The second embodiment also includes a unique pause control circuit
150 which is adapted to "hold" the values of certain critical
control parameters from the output of ROM 12' whenever a pause in
the audio output is detected. The purpose of the pause control
circuit 150 is to prevent the values of the critical control
parameters from changing and thus altering the characteristics of
the vocal tract 60 before the audio has completely faded out. The
pause control circuit 150 is adapted to detect a pause by
continuously monitoring the fricative amplitude and vocal amplitude
control signals and providing an output signal whenever both
signals are LO. The output signal produced thereby is fed back to
the latch circuits at the outputs of ROM 12' to "hold" the
parameters at their current values. The pause control circuit 150
is further adapted to terminate the "hold" signal after a
predetermined period into the pause phoneme as determined by the
closure delay control signal from closure delay network 16'.
The remaining differences in the present embodiment are found in
the vocal tract 60' and the manner in which the voiced and unvoiced
excitation signals are injected into the vocal tract 60'.
Specifically, the F1, F2, F3 and F5 resonant filters 42',44', 46'
and 54' respectively, in the present embodiment are all serially
connected rather than having the F5 resonant filter connected in
parallel with the first three serially connected resonant filters
as in the first embodiment. Additionally it will be noted that a
feedback path has been added between the F2 and F1 resonant filters
44' and 42', between the F3 and F2 resonant filters 46' and 44'.
These feedback paths are provided to simulate the back pressures
which are generated in the human voice system between the tongue,
mouth and vocal chords.
Finally, it will be noted that the present embodiment also provides
asynchronous parallel excitation of the vocal tract 60'. However,
unlike the first embodiment, the asynchronous parallel excitation
herein is supplied solely by the voiced component. In particular,
it can be seen that the output from the fricative excitation
controller 58' is only injected in parallel into the F2 and F5
resonant filters 44' and 54' in the conventional manner. However,
the voiced excitation signal from the output of the vocal
excitation controller 40', in addition to being injected into the
F1 resonant filter 42', is also injected in parallel into the F2
resonant filter 44'. Thus, the F2 resonant filter 44', and to a
lesser extent the F3 resonant filter 46', are driven twice; first
by the direct injection of vocal energy into the F2 resonant filter
44', and subsequently by the delayed vocal energy from the output
of the F1 resonant filter 42'. The purpose of this arrangement is
to more accurately simulate the true action of the human glottis
which provides a type of "double" excitation of the vocal chords
each time it opens and closes.
Referring not to FIGS. 4a and 4b, a circuit diagram of the
embodiment of the present invention illustrated in FIG. 3 is shown.

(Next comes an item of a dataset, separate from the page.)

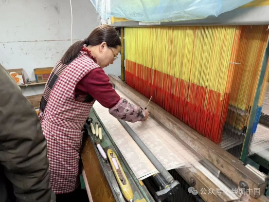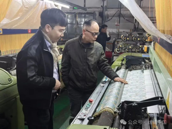 3月3日,中紡協絲專委一行赴毛明山宋錦工坊考察,親眼見證了傳統(tǒng)宋錦織造技藝在當代的煥新演繹。從提花機的精密運轉到錦緞的流光溢彩,古老的絲綢基因與現代工業(yè)美學在此深度融合,織就出一幅幅“多重幻彩”的時代畫卷。

At the outset, it is to be noted that the voice synthesizer
illustrated in FIGS. 4a and 4b is adapted to operate off a 12 volt
power supply. In actuality, the system will function off a supply
that varies anywhere from 6 volts to 15 volts. Thus, this
embodiment of the present invention is particularly suited for use
in combination with a portable battery power source.

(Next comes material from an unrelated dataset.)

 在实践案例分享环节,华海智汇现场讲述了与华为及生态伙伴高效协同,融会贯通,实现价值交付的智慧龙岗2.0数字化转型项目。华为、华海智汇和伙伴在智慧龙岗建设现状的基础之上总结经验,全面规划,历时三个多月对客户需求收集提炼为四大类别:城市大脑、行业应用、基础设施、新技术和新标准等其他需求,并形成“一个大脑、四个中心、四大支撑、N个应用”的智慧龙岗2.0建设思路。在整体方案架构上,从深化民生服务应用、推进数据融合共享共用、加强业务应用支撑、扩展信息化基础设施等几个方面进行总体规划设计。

The power requirements of the present system is such that four
discrete voltage levels are needed. In addition to the +V (e.g. 12
volts) and ground potentials provided by the battery, the present
system includes a power supply circuit 220 that is adapted to
generate two additional voltage levels, designated +V1 and +V2,
between +V and ground. However, since the voltage output of a
battery will vary over its useful life, it is important that the
+V1 and +V2 voltage levels vary correspondingly. Thus, the present
power supply circuit 220 includes a pair of voltage follower
circuits 222 and 224 which are adapted to produce output signals
that "follow" variations in the voltage level of the signals
provided to their inputs.
Additionally, the change to a variable power source also mandates
the use of op amps in certain portions of the circuit that are
capable of providing an adequate current sink at their minimum
rated voltage. Accordingly, the preferred embodiment utilizes
Fairchile 798 op amps for those op amps designated with the letter
"A."
The ROM storage requirement is supplied in this embodiment by three
individual CMOS ROM memory chips 152, 154, and 156, herein No.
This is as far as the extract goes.